In the early months of 1870 many important projects were in process of construction; the Clark House, with its magnificent ballroom, was nearing completion; Elevator “A” was beginning to loom up encouragingly; the railroad company’s dock works on the shore interested most people and Culver’s dock was expected to add to the general prosperity all felt was assured. Then, the breakwater project was finding employment for many men, property owners, no doubt, seeing in all this work by outside interests that their pockets were, 191figuratively speaking, already bulging with money. And, of course, not one interested Duluthian was likely for a moment to forget the all-important railway undertaking then fast nearing completion.
Elevator A.-According to Egan, work on the elevator began in 1869, and was in charge of Mr. C. B. Newcombe. Regarding the construction work, Egan said: In 1869 the construction of Elevator A was begun. Mr. C. B. Newcombe had charge, and being an elegant young and Christian gentleman, he considered it the proper thing to have all his employees assemble every morning for prayers. This mob of something like two hundred men of all nationalities and religions, some of them just off the Union Pacific Road and altogether a hard lot, took it at first as a joke, but when Mr. Newcombe, on two or three successive occasions, led the prayer, he would get a bootjack, loaf of bread, or fish, hurled, at his head. Divine prayer stopped after the first week, and has never since, directly or indirectly, been connected with the elevator or wheat business of Duluth.

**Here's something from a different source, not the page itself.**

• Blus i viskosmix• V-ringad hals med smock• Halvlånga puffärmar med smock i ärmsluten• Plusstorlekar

Graves, Munger and Markell were the men responsible for the elevator enterprise of 1869-70, states Bardon. Elevator “A” was completed on September 24, 1870, but it was not until May 30, 1871, that the first shipment of grain was made, the propeller “St. Paul” then taking 11,500 bushels of wheat. The building of Elevator “A,” of course, was in no way connected with the settlement of North Dakota, because it was not until December, 1870, that the first acre of land in that state was entered, and it was not, it appears, until 1875 that Oliver Dalrymple opened up his Red River Valley farm, and demonstrated that the soil of the Dakotas could not be excelled for the production of No. 1 hard wheat. Dalrymple’s first wheat was shipped to Duluth, passing into Elevator “A,” having been purchased by Charles B. Newcombe and Company, the lessees of the elevator.

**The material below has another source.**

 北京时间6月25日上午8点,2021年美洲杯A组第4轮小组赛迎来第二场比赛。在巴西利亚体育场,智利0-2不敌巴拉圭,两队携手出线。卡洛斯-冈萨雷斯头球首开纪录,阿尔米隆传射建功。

Charles F. Johnson, who arrived from St. Paul in March, 1870, spoke of “the small army of men” he then saw “employed laying the foundations for a grain elevator, and constructing a breakwater in front of it.” Elevator “A” had a capacity of 350,000 bushels and was built by the Union Improvement and Elevator Company. In 1872, Munger and Markell built Elevator No. 1, of 200,000 bushels capacity. In 1878 Elevator “A” was enlarged to 560,000 bushels capacity. These two elevators met the requirements of the trade until 1880, when Elevator No. 1 burned. Elevator “A” met a similar fate on the night of November 27, 1886, but by that time, Duluth had many other elevators; indeed, to an aggregate capacity of eleven million bushels.
Jerome E. Cooley, who first saw the Head of the Lakes in the summer of 1870, had the following to say regarding the Citizen’s Dock, Elevator “A,” the breakwater and that part of Duluth: On July 4, 1870, I first saw Lake Superior, and a country road where Superior Street now is, a few winding tracks up the hill, and a road down Minnesota Point on St. Croix Avenue. The marsh where Lake Avenue was afterwards made was not at that time filled in. … They were then digging the canal, and St. Croix Avenue was the regular thoroughfare. The marsh covered all the space from Michigan Street to the canal, with a bank of gravel near the lake shore, where the road was constructed. When the old Lake Superior and Mississippi Railroad was built in here, and constructed their dock at the foot of Third Avenue, East, they cut off a portion of the lake where the City Hall, Forward’s and Totman’s buildings now stand. The railroad came in on piles from Rice’s Point. … Col. Joshua Culver had built what was called the Citizen’s dock out into the lake, about two blocks this side of the canal. The Union Improvement and Elevator Company had built Elevator “A” at the foot of Fifth Avenue, East, with enough of a breakwater to protect boats, when there was no wind. But the first wind that came … washed the most of it away, and the steamer “St. Paul,” which was lying at the dock, broke loose from her moorings.
The railway company had built a dock, known as De Costa’s, on the west side of Rice’s Point, in 1869, and the railway plant necessary in the construction work then being prosecuted from the Duluth end was discharged at this dock, but owing to the shallowness of the channel through the Bay of Superior, lightering was often necessary at the natural entrance. As the year advanced, the plan of making an outside harbor, by building a breakwater at right angles to the shore was conceived, making a dock from the breakwater to Minnesota Point possible. The work was commenced in the fall of 1869, and was so far advanced by the opening of navigation in 1870, writes Judge Ensign, that in fair weather, vessels loaded at the dock and discharged their cargoes upon it.